Mount Rushmore National Memorial is located in Keystone, S.D., and features the faces of four U.S. presidents: George Washington, Thomas Jefferson, Theodore Roosevelt, and Abraham Lincoln.
Here is a view of Mount Rushmore at sunset.
In July 2005, Mount Rushmore started to get a giant facial. After 64 years, the four presidential faces were getting a high-power makeover. It was expected to take three to six weeks to finish the high-pressure cleaning. The cleaning is not only cosmetic; it is also meant to remove years of growth that eats away at the granite sculpture. Here, Thorsten Mowes washes the face of Thomas Jefferson July 7, 2005.
Thorsten Mowes places one foot on Thomas Jefferson's sculpted eye as he power-washes the eyelid of the granite face July 7, 2005.
Knut Foppe, left, Darin Oestmann, center, with the National Park Service and Thorsten Mowes, right, rappel a scuplture of Thomas Jefferson's face to begin power-washing July 7, 2005.
The freshly cleaned faces of South Dakota's Mount Rushmore National Memorial bask in the early morning sun as the moon sets in the distance, July 22, 2005.
This is Gutzon Borglum, the sculptor who created Mount Rushmore National Memorial, at the dedication ceremonies in Rapid City, S.D., Aug. 30, 1936. It took him 14 years to complete the project.
Fireworks explode over Mount Rushmore during the annual Independence Day celebration July 3, 2005.
Fireworks light up the night sky over Mt. Rushmore National Memorial, S.D., Tuesday, July 3, 2007, during the 10th annual Heartland of America Independence Day Celebration at the Shrine of Democracy.
Badlands National Park is an otherwordly landscape of sweeping buttes, endless canyons and gaping gorges. The park is easily accessible via a 32-mile loop off Interstate 90, less than 100 miles from the heart of the southern Black Hills.
A hiker admires the view at Badlands National Park, S.D.

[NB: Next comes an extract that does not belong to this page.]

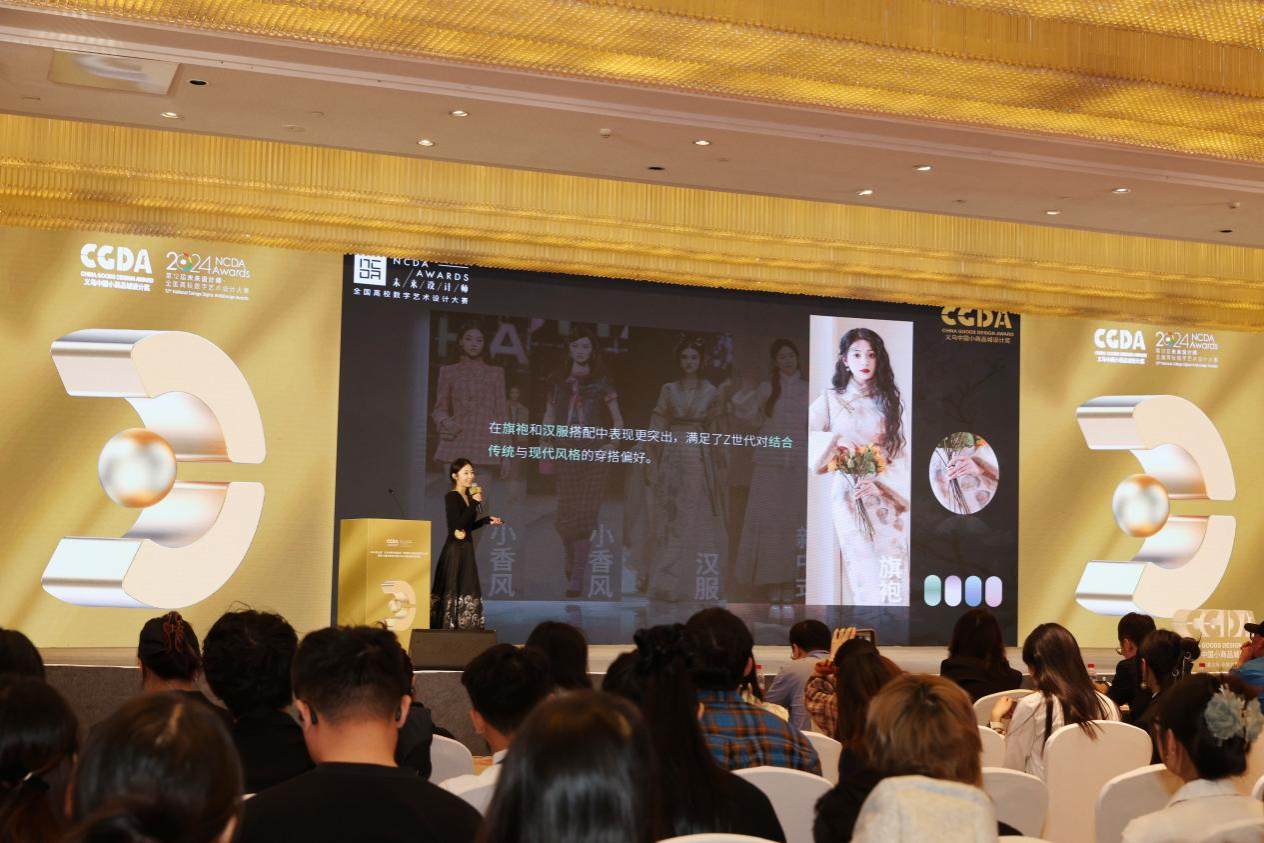 近日,在浙江省义乌市举办的第七届“义乌中国小商品城”杯国际小商品创意设计大赛暨第12届未来设计师NCDA大赛创新创业赛道中,我院黄龙老师指导的研究生宋天姿、刘诗圆凭借作品《花镶容-Z世代新中式国潮秋冬穿戴甲设计》在众多参赛作品中脱颖而出,获得创新创业赛道全国一等奖和全场最佳创意奖,并获2万元奖金。
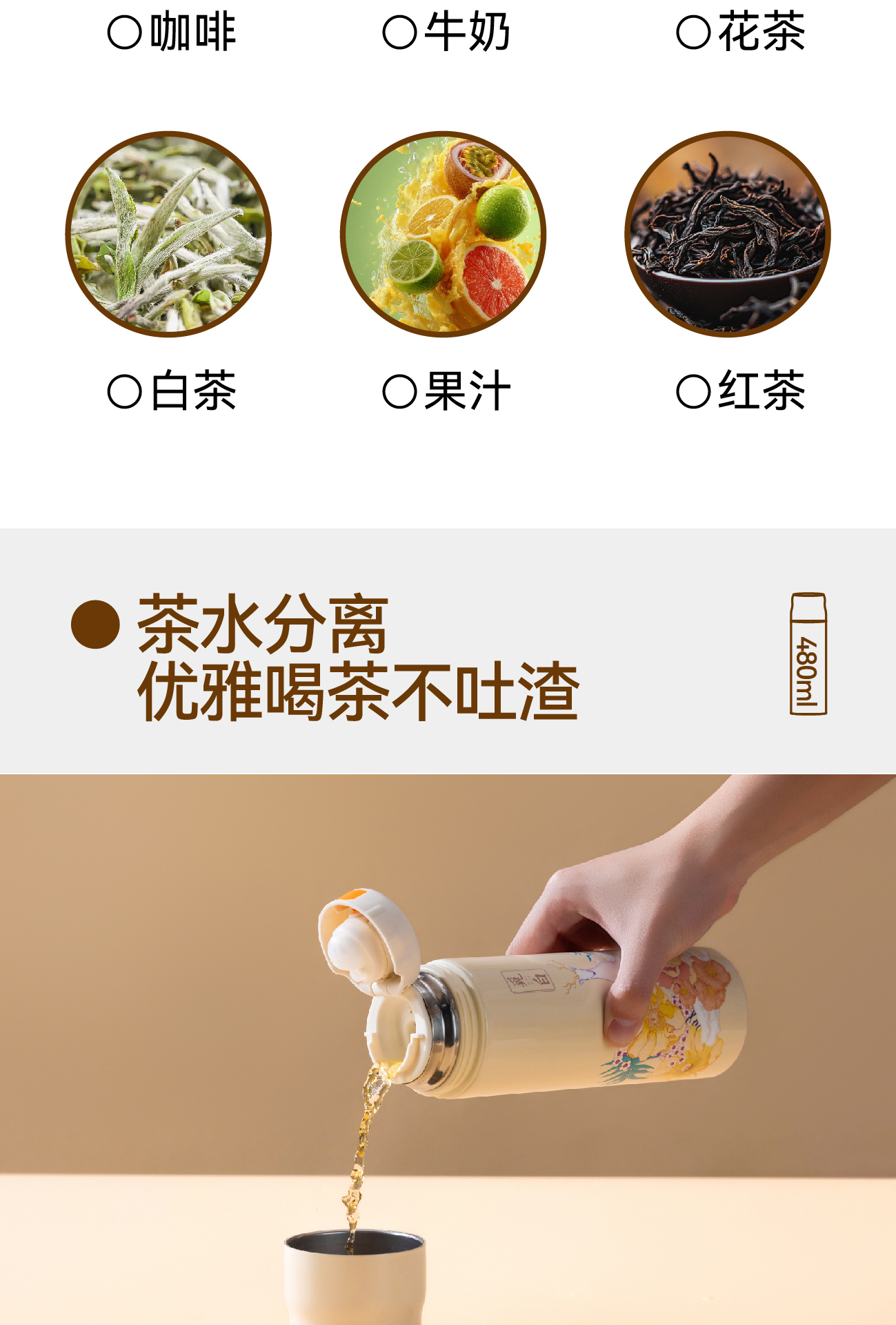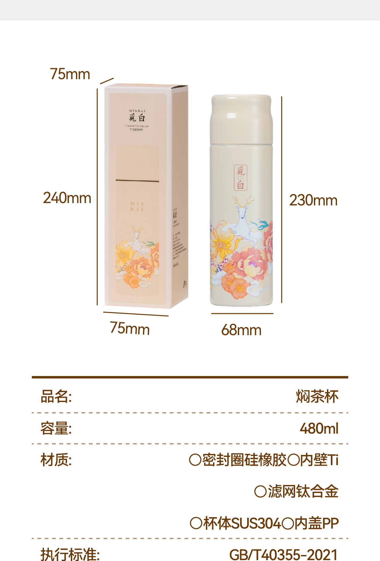 觅白480ml内壁覆钛保温杯PA

Visitors view the fossilized remains of mammoths at the Mammoth Site of Hot Springs in Hot Springs, S.D. The site, still an active paleontological dig, now hosts scientists and researchers from across the world, not to mention curious tourists. More than 100 tusks from Columbian and woolly mammoths have been found so far.
The Crazy Horse Memorial is shown in Crazy Horse, S.D. The monument has been in progress since 1948 and is still far from completion. When finished, it will be the world's largest sculpture. At nine stories high, Crazy Horse's head - the only complete portion of the project - is bigger than the four presidential busts featured at Mount Rushmore.
The Crazy Horse mountain memorial is seen in the Black Hills of South Dakota, April 22, 2008. When completed the Crazy Horse mountain carving will be 641 feet long by 563 feet high. The completed head is 87 feet 6 inches high. The horse's head, currently the focus of work on the mountain, is 219 feet or 22 stories high.